Exercise objective: Output the listing exactly, without its pictures.
=== Data to process ===
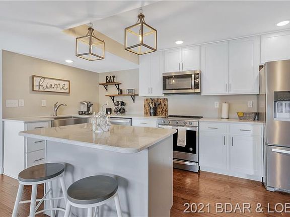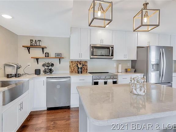 CHECKS ALL THE BOXES!! Located inside a cove with sweeping view to the main channel. Fully renovated in 2019, everything from floor to ceiling in this turn-key home is practically new. New Roofs 2021! A gorgeous kitchen with an abundance of cabinet space, ample pantry and large island is open to the lakeside dining and living room with new electric fireplace insert. With views from every angle and access to the expansive deck and patio, you are mere steps on a gentle lot from 100ft of lakefront and large 2 well dock. The master suite offers a private bath with walk-in shower, jetted tub, and walk-in closet. Upper level also includes 3 lakeview guest bedrooms: an en suite bedroom with private bath, and 2 additional bedrooms with shared third full bath, all providing access to the giant deck spanning the entire length of the home. Bonus space which could be a home office is currently used as 5th non-conforming bunkroom. Additional Storage room and 30X40 garage/ shop make this a keeper!
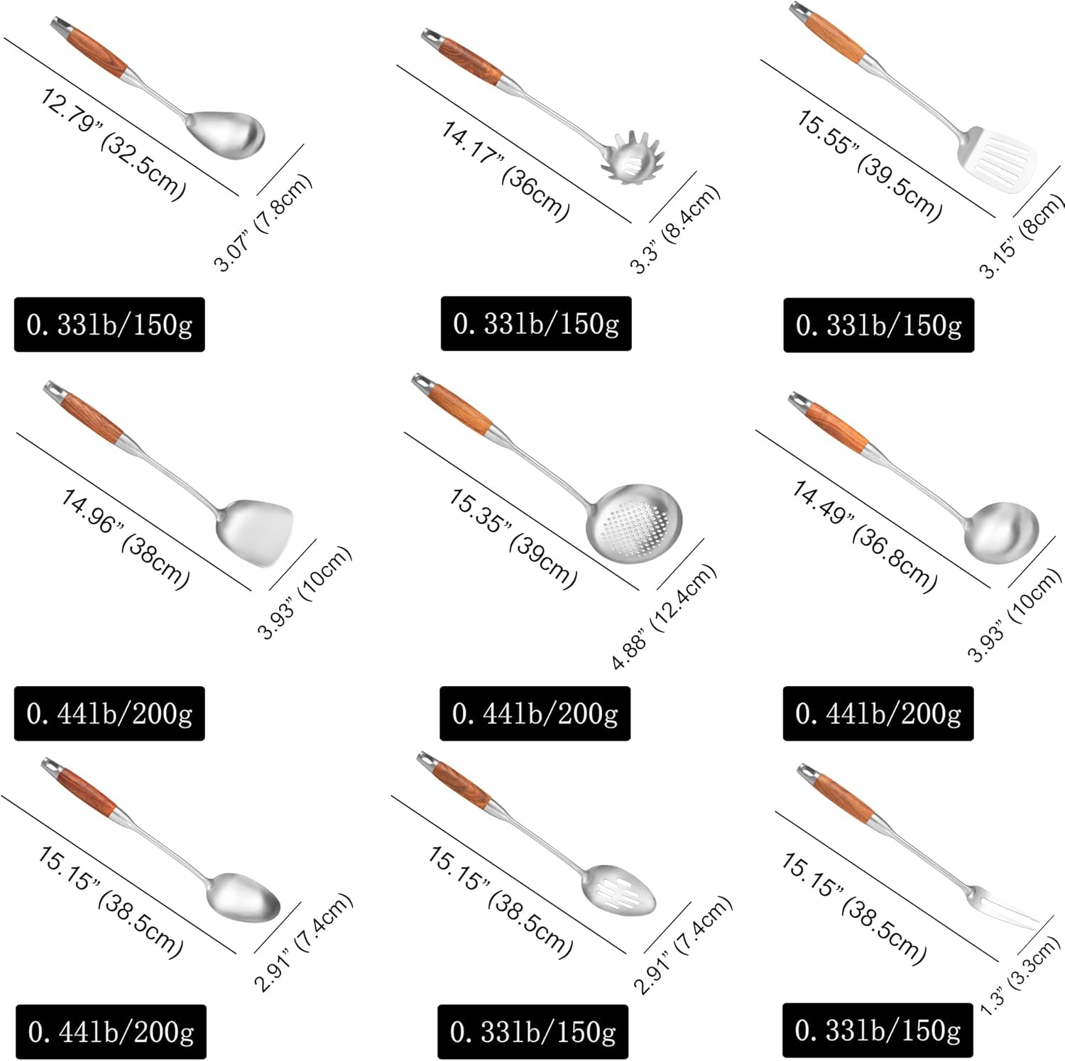 - Professional Kitchen Utensils Set: Clean lines, good weight and well balance. The wooden handles are not too heavy, help you eliminate stress on the arms and provide a comfortable ergonomic grip. Wooden handle reduce heat transfer, anti-scald, help you stay out of the soup or keep you away from the heat and flame.
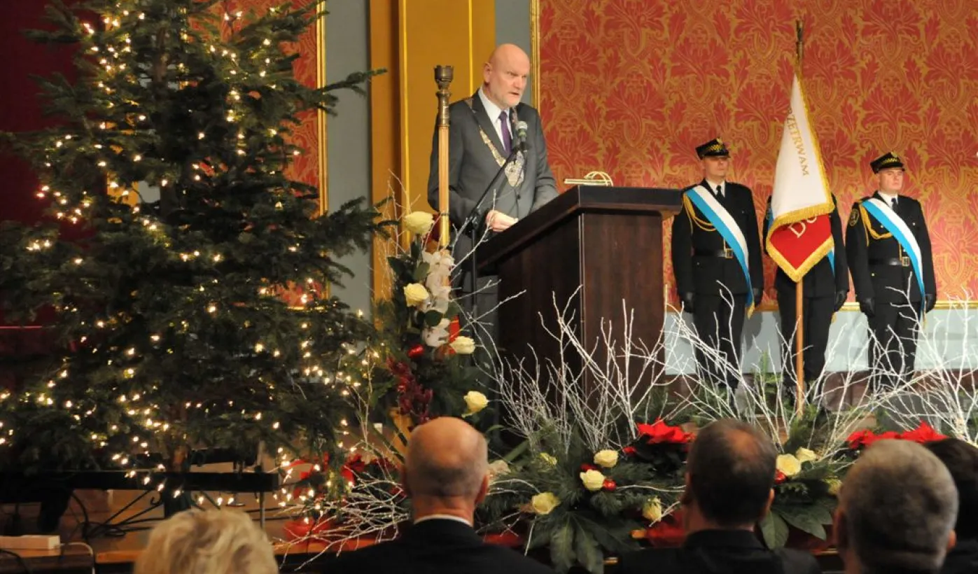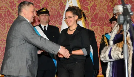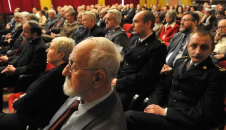 Na uroczystej sesji w Dworze Artusa radni i prezydent Torunia podsumowali kończący się rok pracy samorządu. Lokalna Organizacja Turystyczna przyznała też tytuły Ambasadora Toruńskiej Turystyki w 2014 r. Otrzymali je Biuro Turystyczne Copernicana oraz Toruńska Agenda Kulturalna. Natomiast Konsul Honorowy Litwy Jerzy Bańkowski uhonorował złotymi statuetkami Stanisława Moniuszki dwóch torunian zasłużonych dla promocji kultury polskiej na Litwie: Dariusza Bereskiego oraz Krzysztofa Marię Szarszewskiego. Fot. Małgorzata Litwin
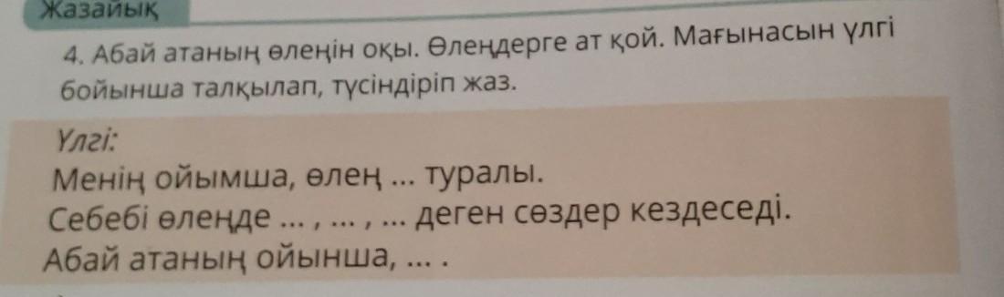 Абай атаның ойынша қыс өте суық келеді күзде күн жыли бастайды және құстар қайтып келеді ал жазда болса күн өте ыстық болады балалар көлге шомылып бассейніне түседі
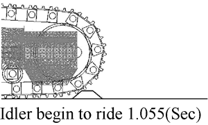通常,液壓發掘機械的履帶系統并不象汽車一樣有彈簧、阻尼一類的懸掛系統。變形主要集中在車架和履帶系統中承重輪架上,因此準確的動力學仿真分析是有必要考慮它們的彈性變形的。RecurDyn動力學軟件可以方便地與MSC/NASTRAN、ANSYS、I-DEAS等有限元分析軟件接口,將有限元模型傳遞到RecurDyn軟件中來,從而建立起含柔性零部件的剛柔耦合機械系統。本例中柔性體從MSC/NASTRAN中生成(見圖1)。履帶系統如履帶片、承重輪、主動輪等為剛體(見圖2),均由軟件模板生成,建模非常快速有效。其他部分如配重、發動機體、駕駛艙等用等效的質量、慣量替代,與車架的鏈接采用相應的彈簧阻尼器以模擬橡膠特性。
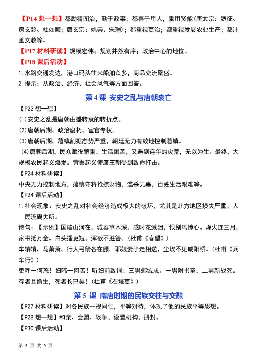 初中 教材习题答案2024-2025学年统编版七年级历史下册
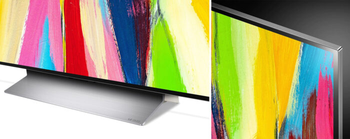 The appearance of the new LG OLED55C2 TV is defined by the same design as the C1, albeit slightly modernized. The frame is now even thinner – reduced from 10.2 mm to 6 mm. The C2 series has a pedestal stand. For the first time ever, the 42-inch model comes with a pair of narrow legs.
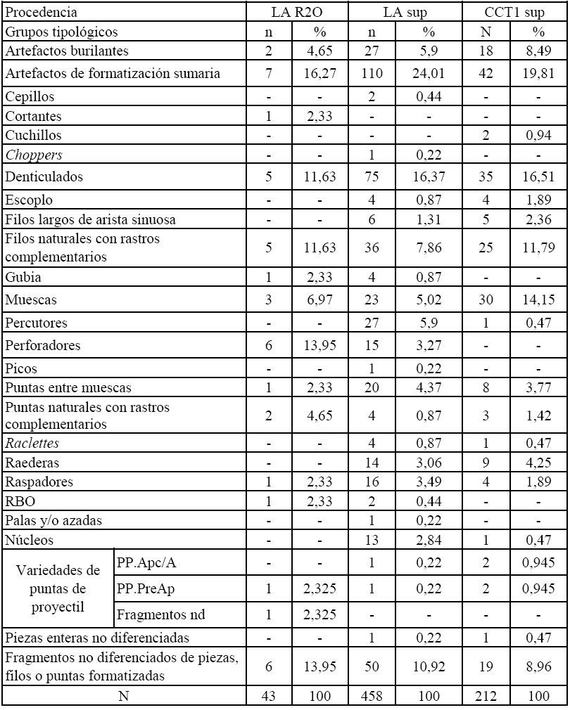 Tanto los conjuntos artefactuales de R1 como los de superficie se hallan compuestos por artefactos formatizados, artefactos con filos, puntas y/o superficies con rastros complementarios, desechos y escasos núcleos (tabla 5). Las dos primeras clases tipológicas representan el 4,95% en la muestra estratigráfica y el 8,43% en la de superficie. En R1 se relevaron un artefacto sin manufactura con filos, puntas y/o superficies con rastros complementarios y cuatro artefactos formatizados, identificándose en ellos nueve filos asignables a cinco grupos tipológicos (punta entre muescas, artefacto burilante, escoplo, artefactos de formatización sumaria, filo natural con rastros complementarios, fragmento no diferenciado de filo o punta formatizada y pieza entera no diferenciada). En tanto, entre los 141 artefactos relevados en superficie correspondientes a estas clases tipológicas, se contabilizaron un total de 212 filos, aristas y/o superficies y 16 grupos tipológicos. Dos puntas de proyectil y dos preformas fueron registradas, todas sin pedúnculo y con bases escotadas, manufacturadas en obsidiana Ona y Cueros de Purulla. En ninguno de los conjuntos artefactuales de CCT1 considerados, se relevaron perforadores, palas y/o azadas ni artefactos de molienda (tabla 3). Sin embargo, cabe mencionar que fueron identificados dos ejemplares de palas y/o azadas en vulcanita 8 en superficie en otro sector del asentamiento y, aunque no incorporados en la tabla, cuatro artefactos de molienda pasivos en las cercanías de los recintos septentrionales y de R151.
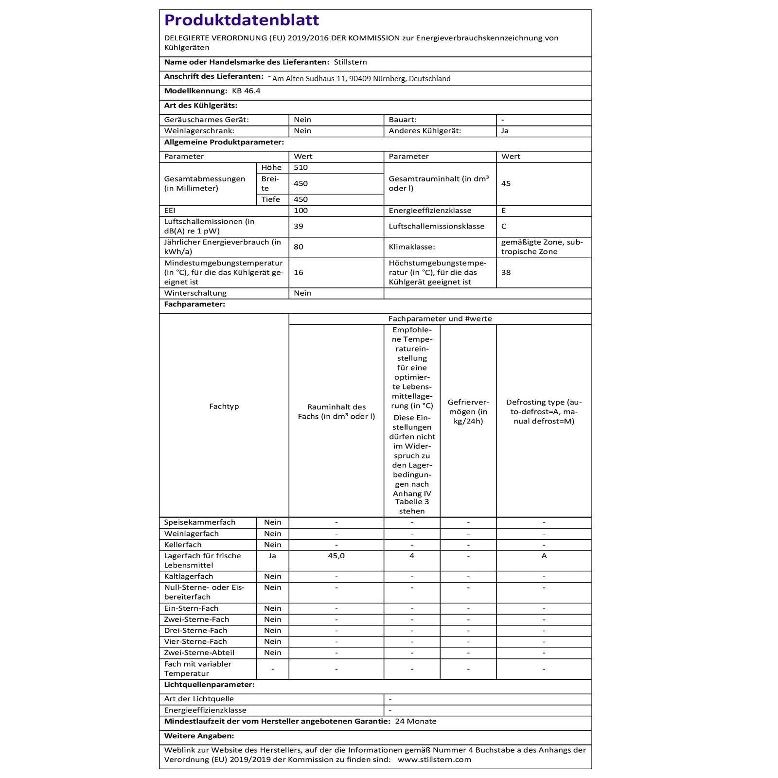 - HOCH EFFIZIENT & UMWELTFREUNDLICH – Der Mini Kühlschrank von STILLSTERN mit Energieeffizienzklasse E schont Ihren Geldbeutel und unsere Umwelt. Bei durchschnittlich 80 kWh/Jahr und einem durchschn. kWh Preis von 0,29 EUR, sind das nur 1,93 EUR im Monat.
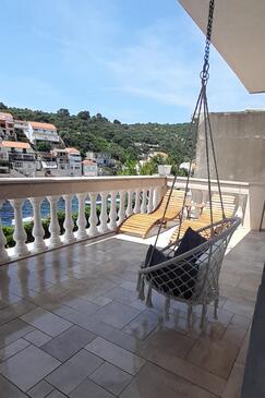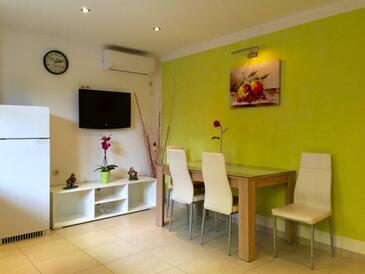 Ferienwohnung bietet Platz für 4 Gäste. Die Betten sind in Schlafzimmern, die es 2 gibt, innerhalb einer Gesamtfläche von 43m2, angeordnet. Die Gäste haben eine eigene Terrasse zur Verfügung, auf der sie in warmen Sommernächten genießen können. Das Apartment bietet Meerblick. Es ist erlaubt, Speisen auf dem Gemeinschafts-Grill vorzubereiten. In der gebuchten Unterkunftseinheit zahlt man am Ort ein Depositum ( der Preis ist an der Internetseite angeführt ).
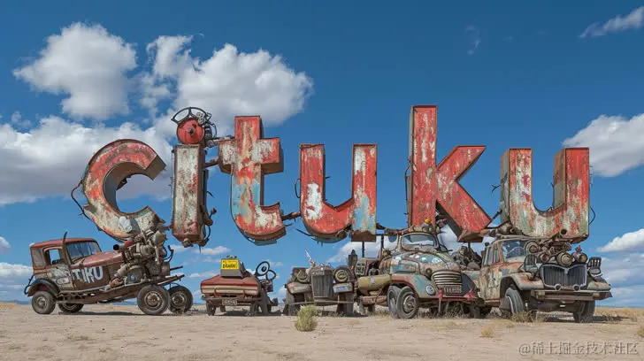 以一些不同类型的车辆拼出单词cituku,风格融合超现实机器人、数字手动、Herb Ritts摄影风格、工程/建筑设计、Mandy Disher、Frostpunk、Bruno Catalano等元素。
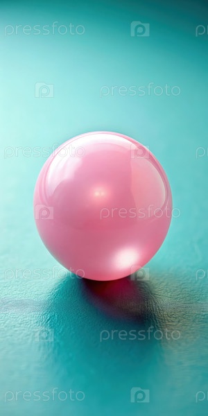 Близкий снимок блестящего розового пузыря, опирающегося на гладкую зеленоватую поверхность, подчеркивая его сферическую форму и отражения в естественном свете
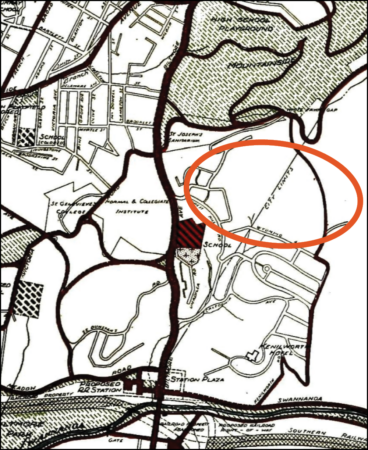 - The boundaries of South Asheville were roughly within the orange oval and include part of Wyoming Road with Kenilworth Road as the boundary between the white homes of Kenilworth and the Black homes of South Asheville that were scattered along unpaved roads and footpaths. Structures were built using any available materials and usually had no electricity or plumbing with water for washing and drinking coming from springs and creeks. John Nolen and Philip W. Foster, City Planning Report: Asheville, North Carolina, Cambridge, MA: Harvard Square, 1922.
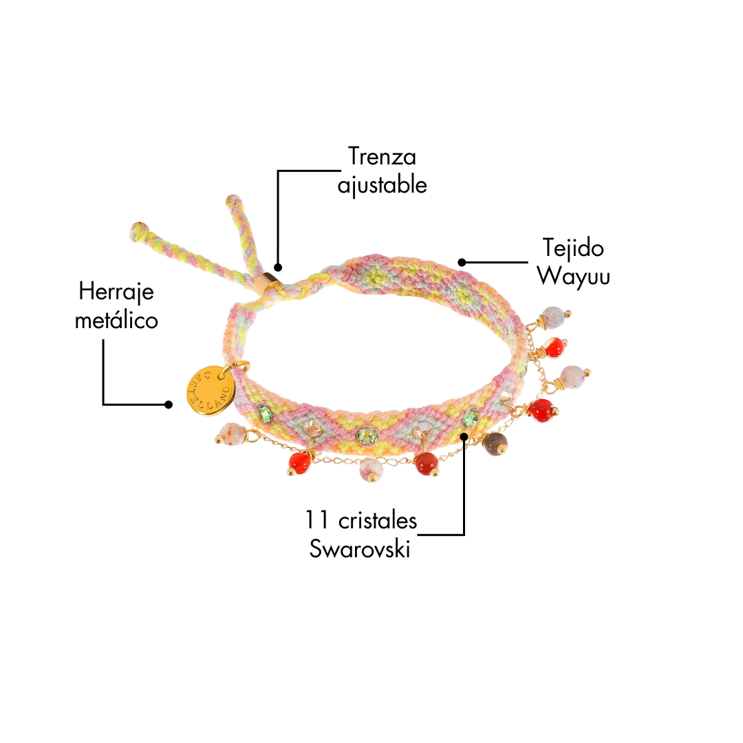 Pulsera Wayuu tejida a mano con cristales Swarovski y piedras naturales.
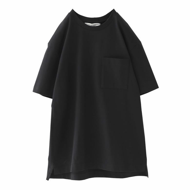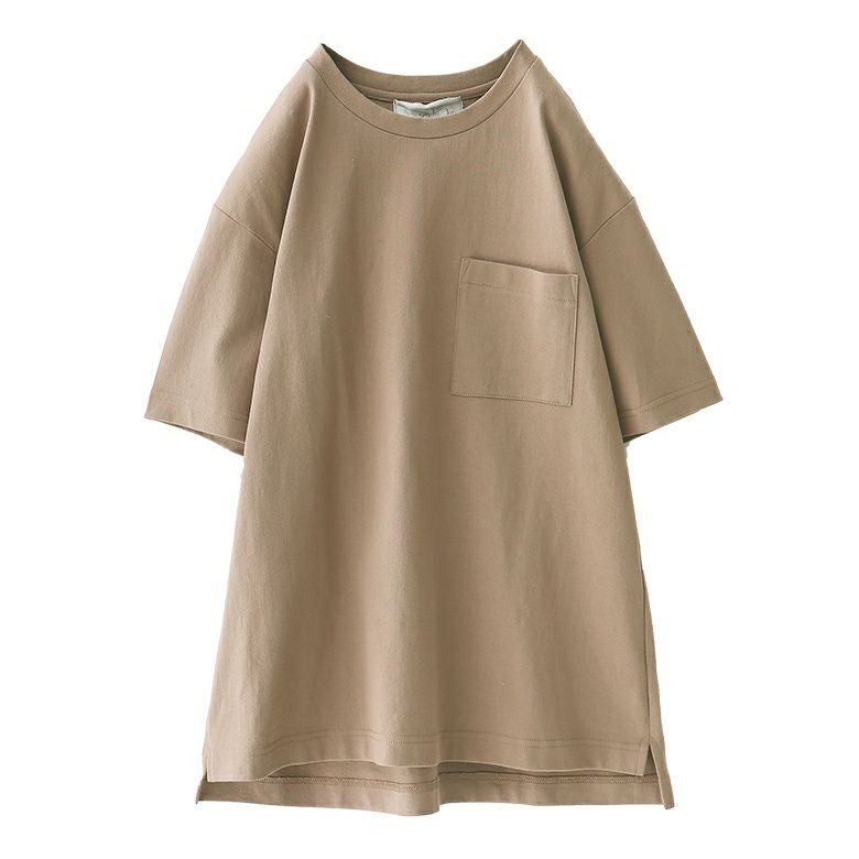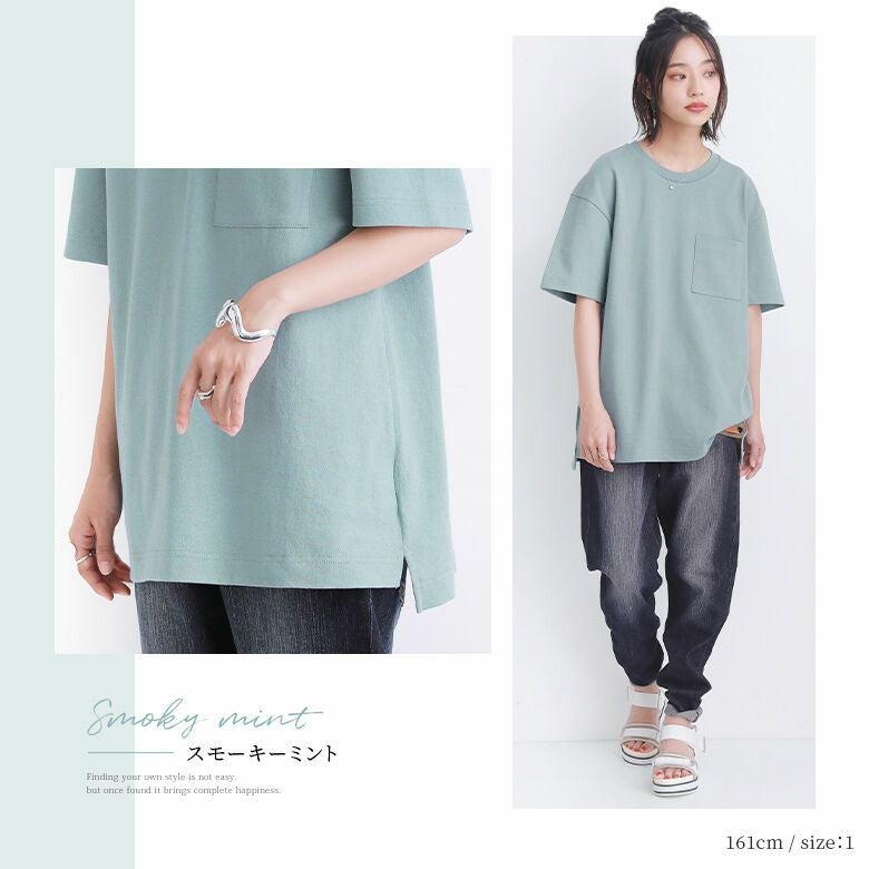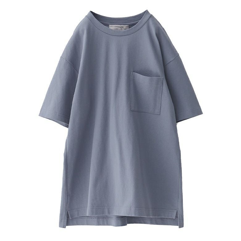 少し前後差をつけた長め丈とスリットの入ったデザインは、動くときにストレスを感じないこだわり仕様。胸元の大きめポケットがアクセントになり、シンプルながらもこなれ感を演出してくれます。
===
Answer section:
 CHECKS ALL THE BOXES!! Located inside a cove with sweeping view to the main channel. Fully renovated in 2019, everything from floor to ceiling in this turn-key home is practically new. New Roofs 2021! A gorgeous kitchen with an abundance of cabinet space, ample pantry and large island is open to the lakeside dining and living room with new electric fireplace insert. With views from every angle and access to the expansive deck and patio, you are mere steps on a gentle lot from 100ft of lakefront and large 2 well dock. The master suite offers a private bath with walk-in shower, jetted tub, and walk-in closet. Upper level also includes 3 lakeview guest bedrooms: an en suite bedroom with private bath, and 2 additional bedrooms with shared third full bath, all providing access to the giant deck spanning the entire length of the home. Bonus space which could be a home office is currently used as 5th non-conforming bunkroom. Additional Storage room and 30X40 garage/ shop make this a keeper!
 - Professional Kitchen Utensils Set: Clean lines, good weight and well balance. The wooden handles are not too heavy, help you eliminate stress on the arms and provide a comfortable ergonomic grip. Wooden handle reduce heat transfer, anti-scald, help you stay out of the soup or keep you away from the heat and flame.
 Na uroczystej sesji w Dworze Artusa radni i prezydent Torunia podsumowali kończący się rok pracy samorządu. Lokalna Organizacja Turystyczna przyznała też tytuły Ambasadora Toruńskiej Turystyki w 2014 r. Otrzymali je Biuro Turystyczne Copernicana oraz Toruńska Agenda Kulturalna. Natomiast Konsul Honorowy Litwy Jerzy Bańkowski uhonorował złotymi statuetkami Stanisława Moniuszki dwóch torunian zasłużonych dla promocji kultury polskiej na Litwie: Dariusza Bereskiego oraz Krzysztofa Marię Szarszewskiego. Fot. Małgorzata Litwin
 Абай атаның ойынша қыс өте суық келеді күзде күн жыли бастайды және құстар қайтып келеді ал жазда болса күн өте ыстық болады балалар көлге шомылып бассейніне түседі
通常,液壓發掘機械的履帶系統并不象汽車一樣有彈簧、阻尼一類的懸掛系統。變形主要集中在車架和履帶系統中承重輪架上,因此準確的動力學仿真分析是有必要考慮它們的彈性變形的。RecurDyn動力學軟件可以方便地與MSC/NASTRAN、ANSYS、I-DEAS等有限元分析軟件接口,將有限元模型傳遞到RecurDyn軟件中來,從而建立起含柔性零部件的剛柔耦合機械系統。本例中柔性體從MSC/NASTRAN中生成(見圖1)。履帶系統如履帶片、承重輪、主動輪等為剛體(見圖2),均由軟件模板生成,建模非常快速有效。其他部分如配重、發動機體、駕駛艙等用等效的質量、慣量替代,與車架的鏈接采用相應的彈簧阻尼器以模擬橡膠特性。
 初中 教材习题答案2024-2025学年统编版七年级历史下册
 The appearance of the new LG OLED55C2 TV is defined by the same design as the C1, albeit slightly modernized. The frame is now even thinner – reduced from 10.2 mm to 6 mm. The C2 series has a pedestal stand. For the first time ever, the 42-inch model comes with a pair of narrow legs.
 Tanto los conjuntos artefactuales de R1 como los de superficie se hallan compuestos por artefactos formatizados, artefactos con filos, puntas y/o superficies con rastros complementarios, desechos y escasos núcleos (tabla 5). Las dos primeras clases tipológicas representan el 4,95% en la muestra estratigráfica y el 8,43% en la de superficie. En R1 se relevaron un artefacto sin manufactura con filos, puntas y/o superficies con rastros complementarios y cuatro artefactos formatizados, identificándose en ellos nueve filos asignables a cinco grupos tipológicos (punta entre muescas, artefacto burilante, escoplo, artefactos de formatización sumaria, filo natural con rastros complementarios, fragmento no diferenciado de filo o punta formatizada y pieza entera no diferenciada). En tanto, entre los 141 artefactos relevados en superficie correspondientes a estas clases tipológicas, se contabilizaron un total de 212 filos, aristas y/o superficies y 16 grupos tipológicos. Dos puntas de proyectil y dos preformas fueron registradas, todas sin pedúnculo y con bases escotadas, manufacturadas en obsidiana Ona y Cueros de Purulla. En ninguno de los conjuntos artefactuales de CCT1 considerados, se relevaron perforadores, palas y/o azadas ni artefactos de molienda (tabla 3). Sin embargo, cabe mencionar que fueron identificados dos ejemplares de palas y/o azadas en vulcanita 8 en superficie en otro sector del asentamiento y, aunque no incorporados en la tabla, cuatro artefactos de molienda pasivos en las cercanías de los recintos septentrionales y de R151.
 - HOCH EFFIZIENT & UMWELTFREUNDLICH – Der Mini Kühlschrank von STILLSTERN mit Energieeffizienzklasse E schont Ihren Geldbeutel und unsere Umwelt. Bei durchschnittlich 80 kWh/Jahr und einem durchschn. kWh Preis von 0,29 EUR, sind das nur 1,93 EUR im Monat.
 Ferienwohnung bietet Platz für 4 Gäste. Die Betten sind in Schlafzimmern, die es 2 gibt, innerhalb einer Gesamtfläche von 43m2, angeordnet. Die Gäste haben eine eigene Terrasse zur Verfügung, auf der sie in warmen Sommernächten genießen können. Das Apartment bietet Meerblick. Es ist erlaubt, Speisen auf dem Gemeinschafts-Grill vorzubereiten. In der gebuchten Unterkunftseinheit zahlt man am Ort ein Depositum ( der Preis ist an der Internetseite angeführt ).
 以一些不同类型的车辆拼出单词cituku,风格融合超现实机器人、数字手动、Herb Ritts摄影风格、工程/建筑设计、Mandy Disher、Frostpunk、Bruno Catalano等元素。
 Близкий снимок блестящего розового пузыря, опирающегося на гладкую зеленоватую поверхность, подчеркивая его сферическую форму и отражения в естественном свете
 - The boundaries of South Asheville were roughly within the orange oval and include part of Wyoming Road with Kenilworth Road as the boundary between the white homes of Kenilworth and the Black homes of South Asheville that were scattered along unpaved roads and footpaths. Structures were built using any available materials and usually had no electricity or plumbing with water for washing and drinking coming from springs and creeks. John Nolen and Philip W. Foster, City Planning Report: Asheville, North Carolina, Cambridge, MA: Harvard Square, 1922.
 Pulsera Wayuu tejida a mano con cristales Swarovski y piedras naturales.
 少し前後差をつけた長め丈とスリットの入ったデザインは、動くときにストレスを感じないこだわり仕様。胸元の大きめポケットがアクセントになり、シンプルながらもこなれ感を演出してくれます。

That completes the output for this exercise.